=== What you need to do ===
Omit all pictures and transcribe only the lines in the entries below that run from the line with "Materiali: Struttura ad" through the line with "белый — Характеристики".

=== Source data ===

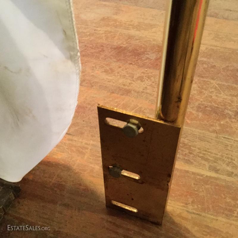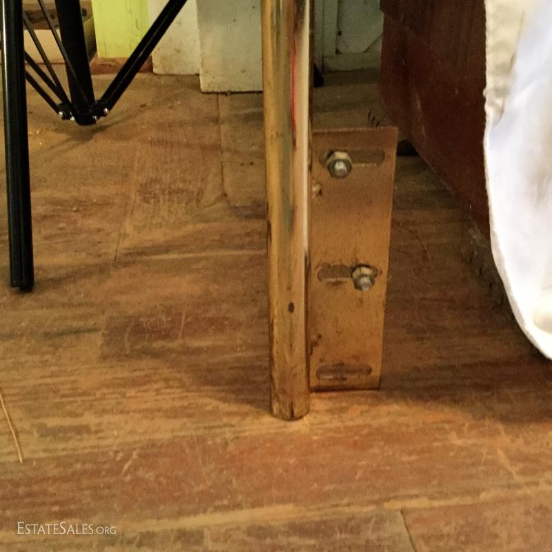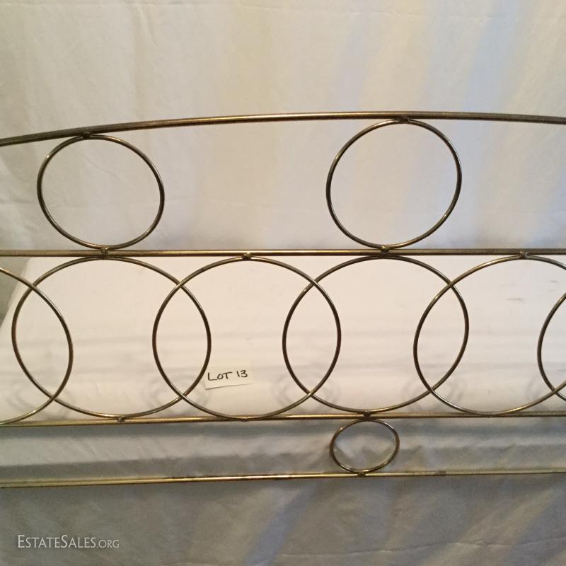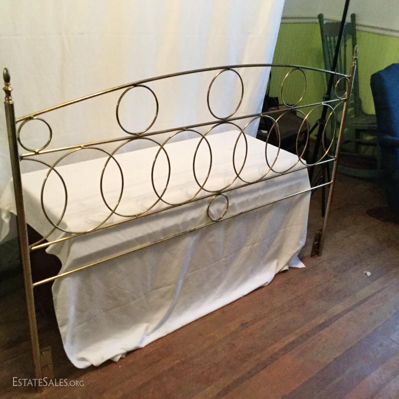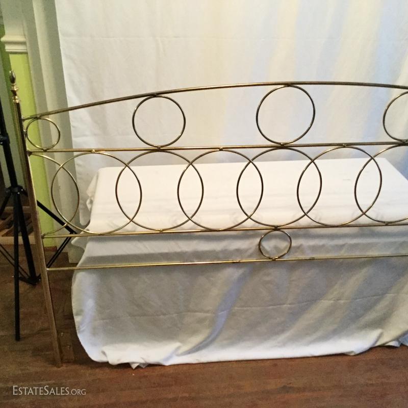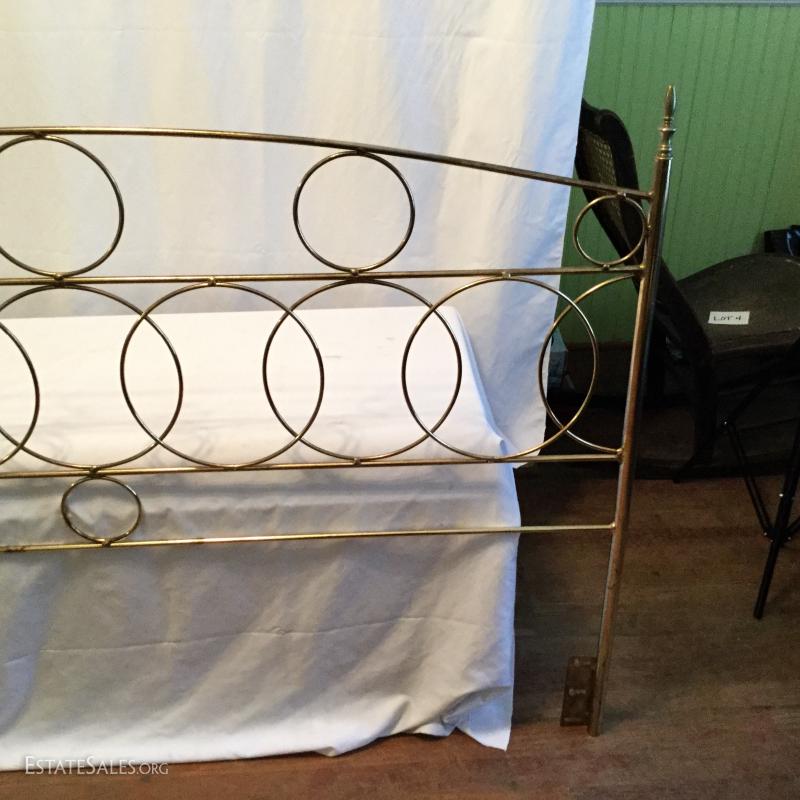 One Brass headboard with circle design. No footboard.
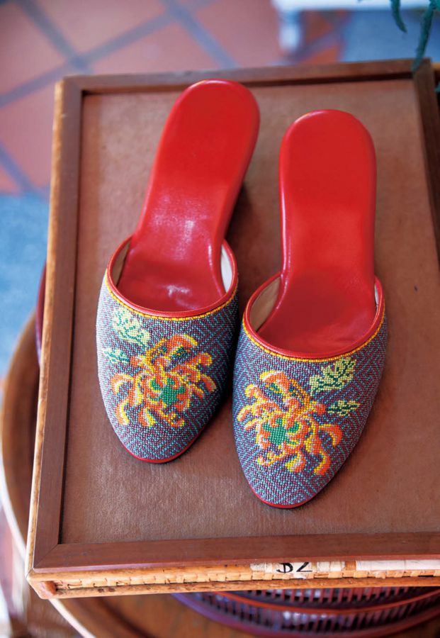 プラナカン料理の名店「トゥルー・ブルー・キュイジーヌ」が手がける専門店「トゥルー・ブルー・ショップ」。陶磁器やビーズのシューズのほか、伝統衣装のケバヤ(約S$150~)も豊富に揃っています。併設のカフェではプラナカンの軽食も楽しめます。写真の、鮮やかなグリーンのサンダル(S$172)は、欧米の影響を受けたモダンなバラ柄。
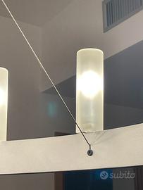 Materiali: Struttura ad anello in metallo verniciato grigio e diffusori cilindrici in vetro borosilicato sabbiato.
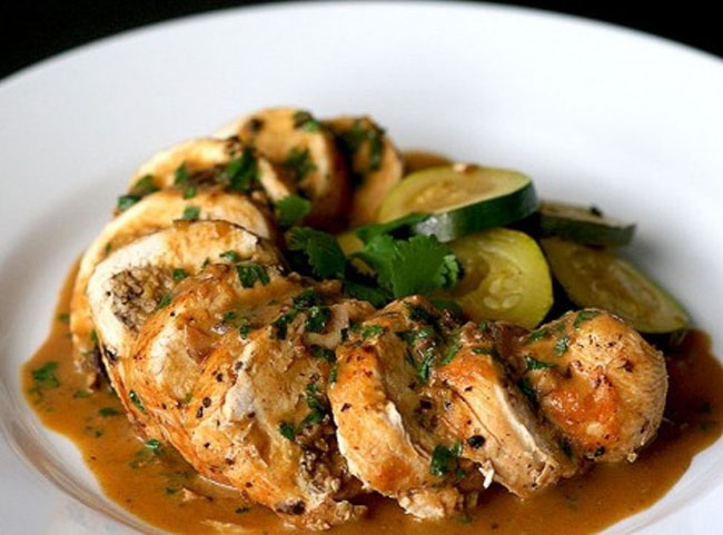 Pour commencer, consultez la recette et les photos de rouleaux de poulet aux champignons et à la roquette en sauce.
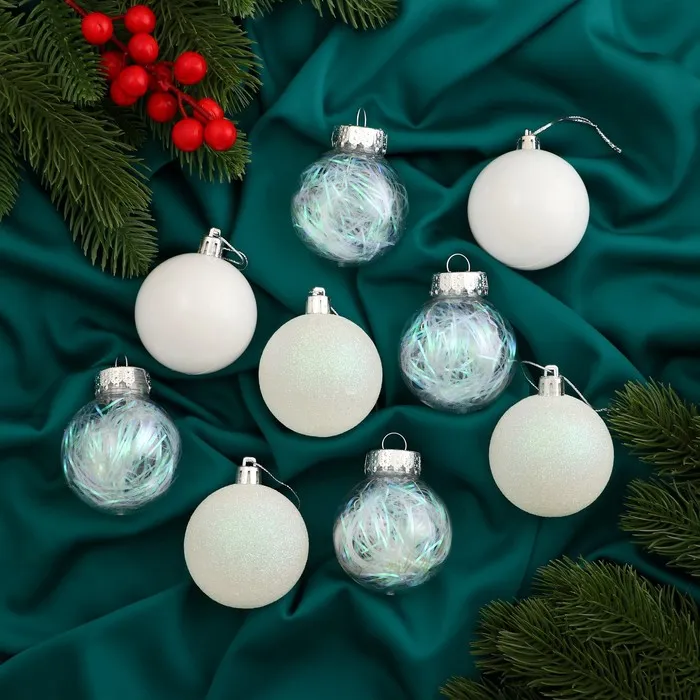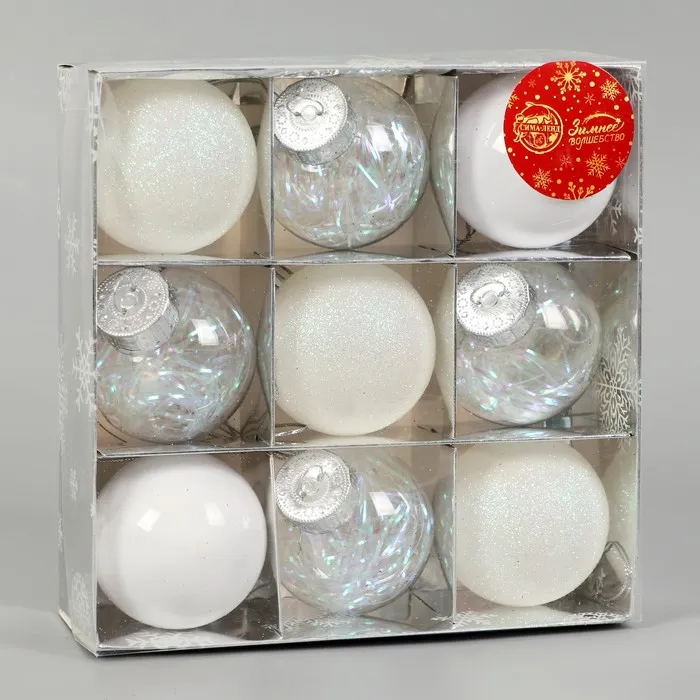Ёлочные игрушки «Мелодия», шары новогодние, d=6 см, набор 9 шт., диско ассорти, белый — Характеристики
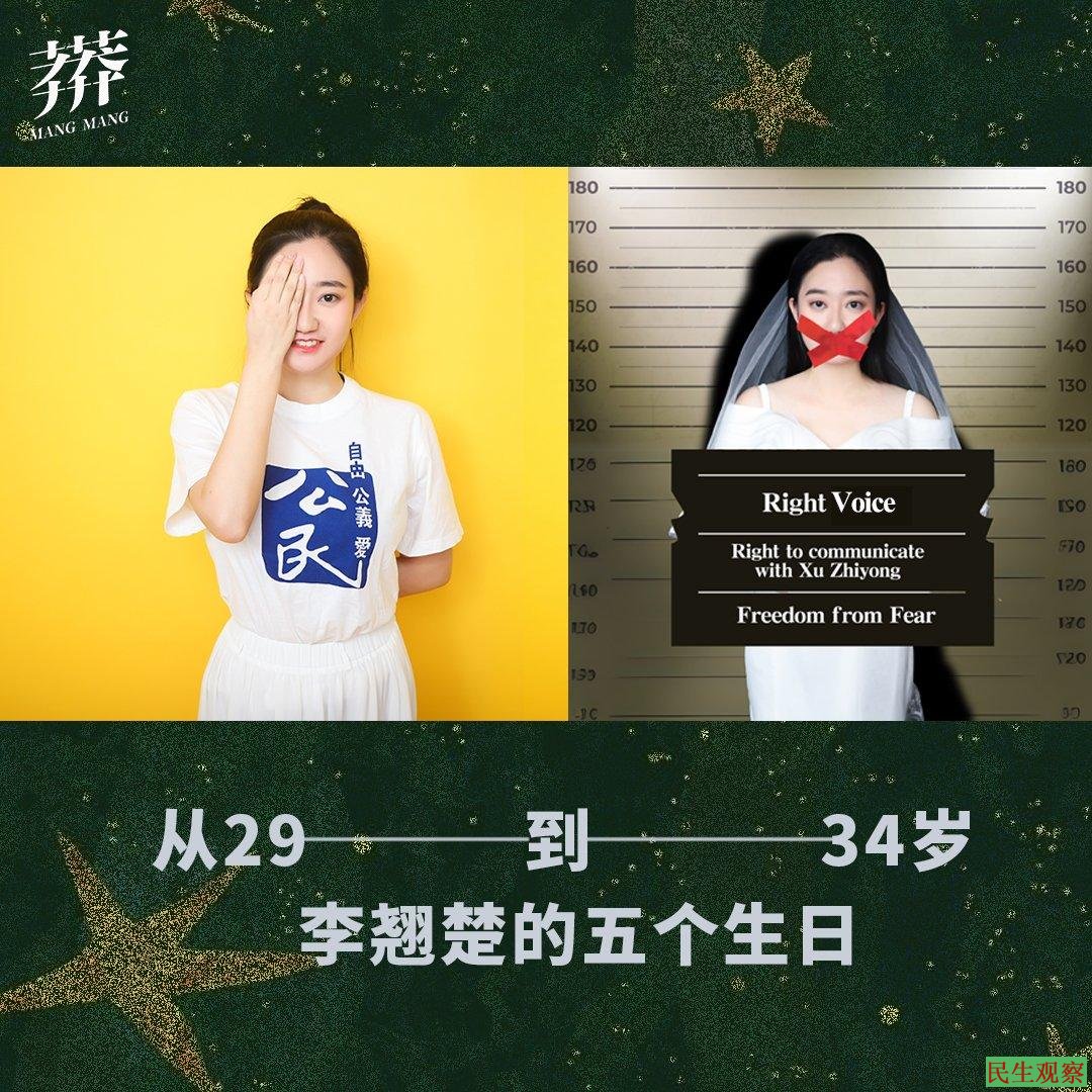 1月13日是翘楚的生日,但在过去的五年间,她却无法度过一个安稳的生日。今天的李翘楚即将34岁,却因与许志永的通信权被非法中断,无法收到爱人的祝福。我们回顾五年以来翘楚的遭遇,以期送上对ta们的祝福和对自由的向往。
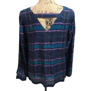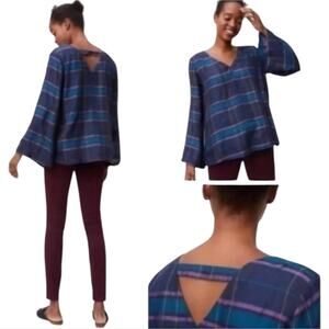 Loft Women's Blue and Purple Plaid Top with Bell Sleeves Size Small Medium New
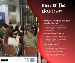 obraz promocyjny wydarzenia związanego z grą towarzyską Blood On The Clocktower. Po lewej stronie znajduje się rozmazane zdjęcie grupy osób siedzących w kręgu na krzesłach, prawdopodobnie podczas rozgrywki lub spotkania. Po prawej stronie, na czerwonym tle, umieszczony jest tekst informacyjny dotyczący wydarzenia
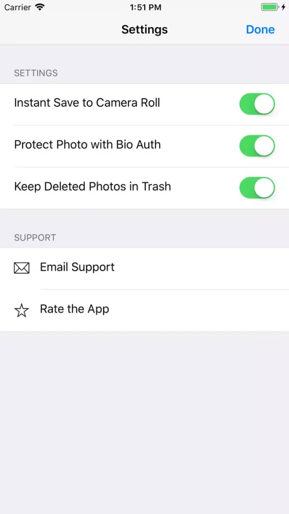 It also supports photo protection with biometric authentication including Face ID and Touch ID. You can use it as self destructive secret photo vault.
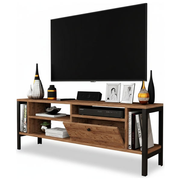 طاولة تلفاز خشبية من فرست شاين بتصميم أنيق وعصري. مصممة لتلفازات من 42 إلى 55 بوصة وتبلغ أبعادها 140×50×30 سم (عرض × ارتفاع × عمق). تتضمن رفوف مفتوحة لأجهزة الوسائط وادراج لتخزين الريموت والكابلات، مما يساعد في ترتيب الأسلاك والحفاظ على ترتيب الغرفة.

=== Response to the exercise ===
 Materiali: Struttura ad anello in metallo verniciato grigio e diffusori cilindrici in vetro borosilicato sabbiato.
 Pour commencer, consultez la recette et les photos de rouleaux de poulet aux champignons et à la roquette en sauce.
Ёлочные игрушки «Мелодия», шары новогодние, d=6 см, набор 9 шт., диско ассорти, белый — Характеристики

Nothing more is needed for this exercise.